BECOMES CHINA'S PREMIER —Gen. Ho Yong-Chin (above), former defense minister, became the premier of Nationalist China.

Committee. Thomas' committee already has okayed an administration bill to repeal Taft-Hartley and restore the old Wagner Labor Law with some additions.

==

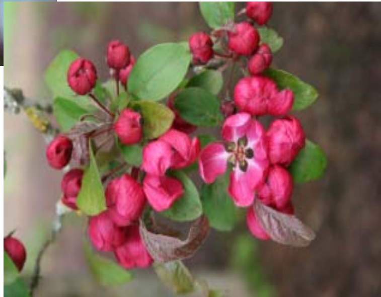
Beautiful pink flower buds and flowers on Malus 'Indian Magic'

* **PROBLEM DETAILS**
Print exactly the lines above from the one with "BECOMES CHINA'S PREMIER" to the one with "Committee. Thomas' committee", including both.

* **WRITTEN RESPONSE**
BECOMES CHINA'S PREMIER —Gen. Ho Yong-Chin (above), former defense minister, became the premier of Nationalist China.

Committee. Thomas' committee already has okayed an administration bill to repeal Taft-Hartley and restore the old Wagner Labor Law with some additions.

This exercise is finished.